Activity:
When you return the lines below, go from the first through the line with "Downward angle on", keep them exact, and leave out every picture.

[Items from a data source]

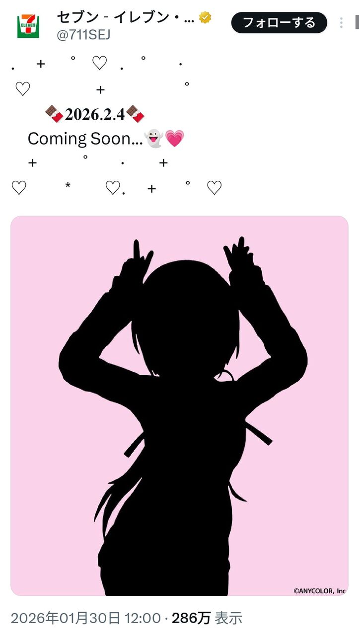 【画像】人気Vチューバーさん、セブンイレブンとバレンタインコラボ? 2026/1/30 ゲーム実況者速報 " " 1: ゲーム実況者速報 2026/01/30(金) 17:22:25.938 ID:oWfjvtTC0 続きを読む Source: ゲーム実況者速報
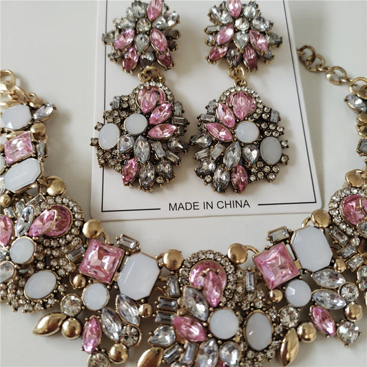 Crystal Rhinestones Necklace Earrings Bridal Jewelry Sets Big Choker Necklace
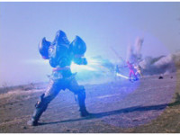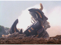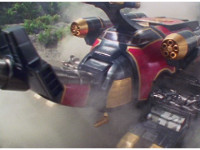 Downward angle on Storm Megazord sparking on the ground on its back. |
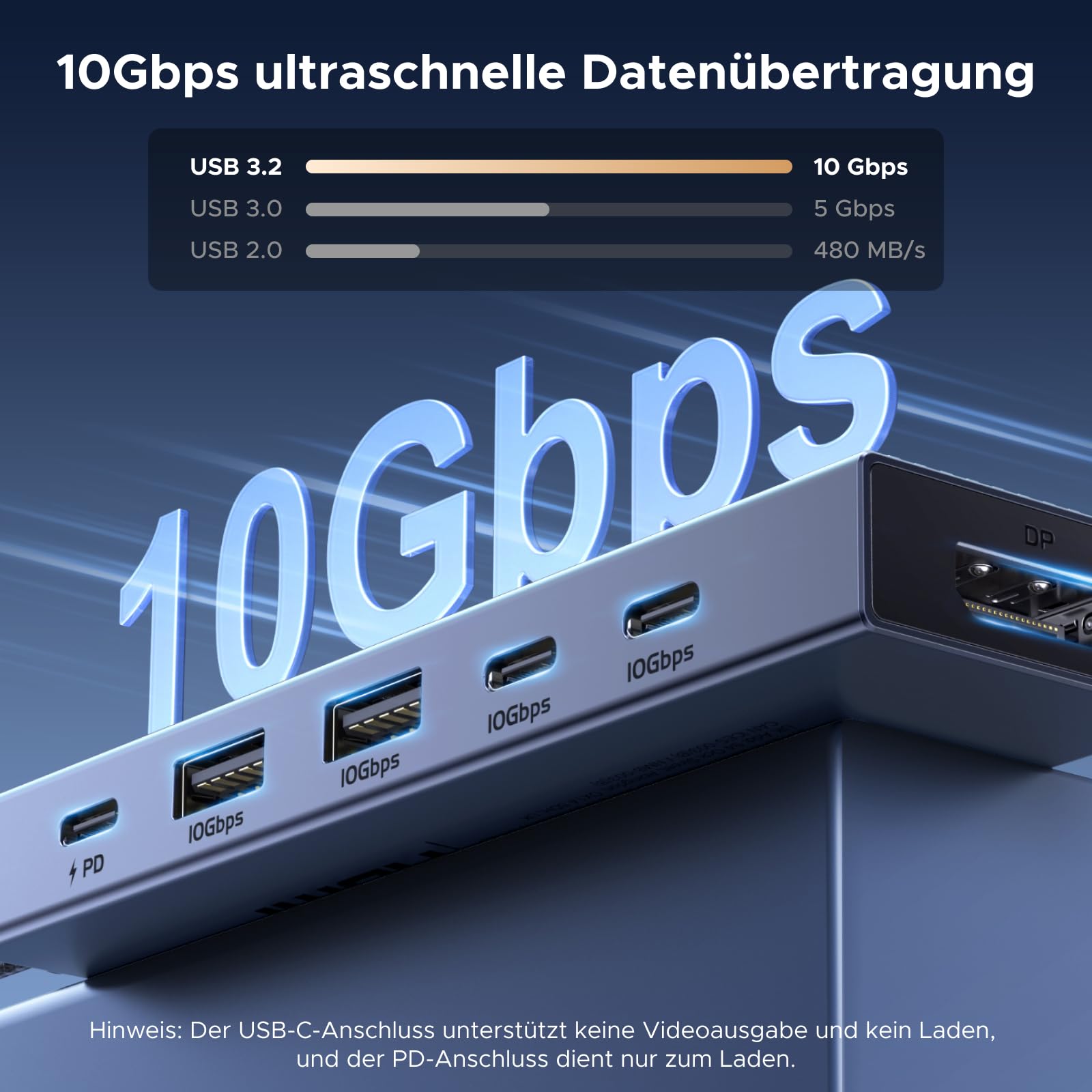 Laptop-Nutzer, diese UGREEN Docking Station ist der absolute Game-Changer! Mit DisplayPort für 4K@60Hz - super scharfe Bilder für Filme und Arbeit! 2x USB-A und 2x USB-C Ports mit 10Gbps - blitzschnelle Datenübertragung! 100W Power Delivery - ladet euren Laptop während der Arbeit! Plug-and-Play - keine Treiber nötig, einfach anschließen und loslegen! Kompatibel mit MacBook, iPad Pro, Surface und vielen anderen! Perfekt für Home-Office, Büro oder unterwegs! Macht aus eurem Laptop eine vollwertige Workstation! Endlich keine Kabelsalat mehr auf dem Schreibtisch! Einfach genial und so praktisch!
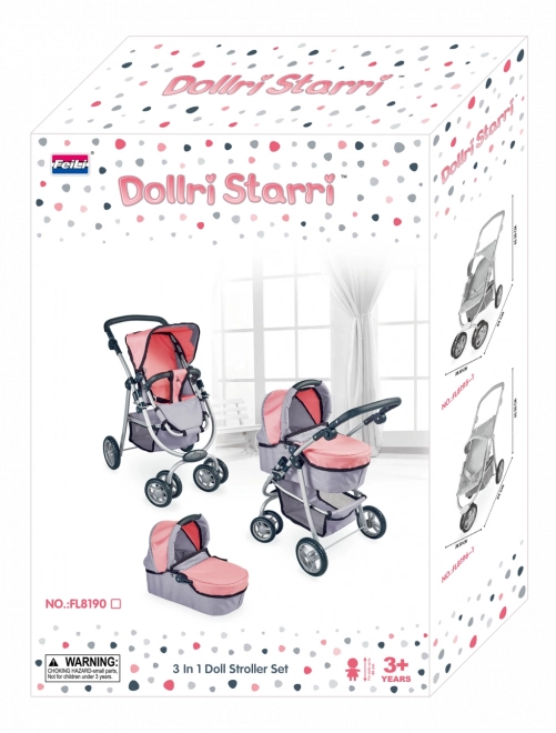 Kinderwagen für Puppen 3-in-1
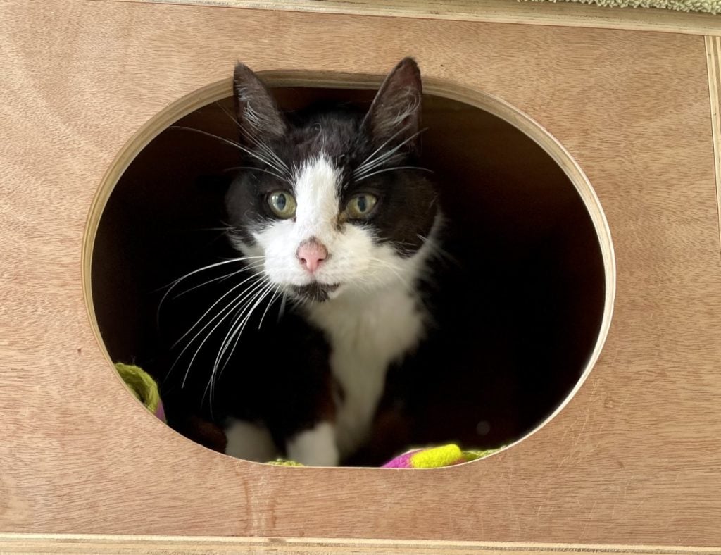 Als Bea mit ihrem Freund Barnabas ins Tierheim kam, war sie in keinem guten Zustand. Sie war total verfilzt und das Auge war total verklebt. Das hat sich unsere Tierärtzin natürlich sofort angeguckt und hat Augensalbe verschrieben. Nach eingen Tagen Augensalbe wurde es deutlich besser. Nun warten Barnabas und Bea auf ihren Auszug.

Exercise output:
 【画像】人気Vチューバーさん、セブンイレブンとバレンタインコラボ? 2026/1/30 ゲーム実況者速報 " " 1: ゲーム実況者速報 2026/01/30(金) 17:22:25.938 ID:oWfjvtTC0 続きを読む Source: ゲーム実況者速報
 Crystal Rhinestones Necklace Earrings Bridal Jewelry Sets Big Choker Necklace
 Downward angle on Storm Megazord sparking on the ground on its back. |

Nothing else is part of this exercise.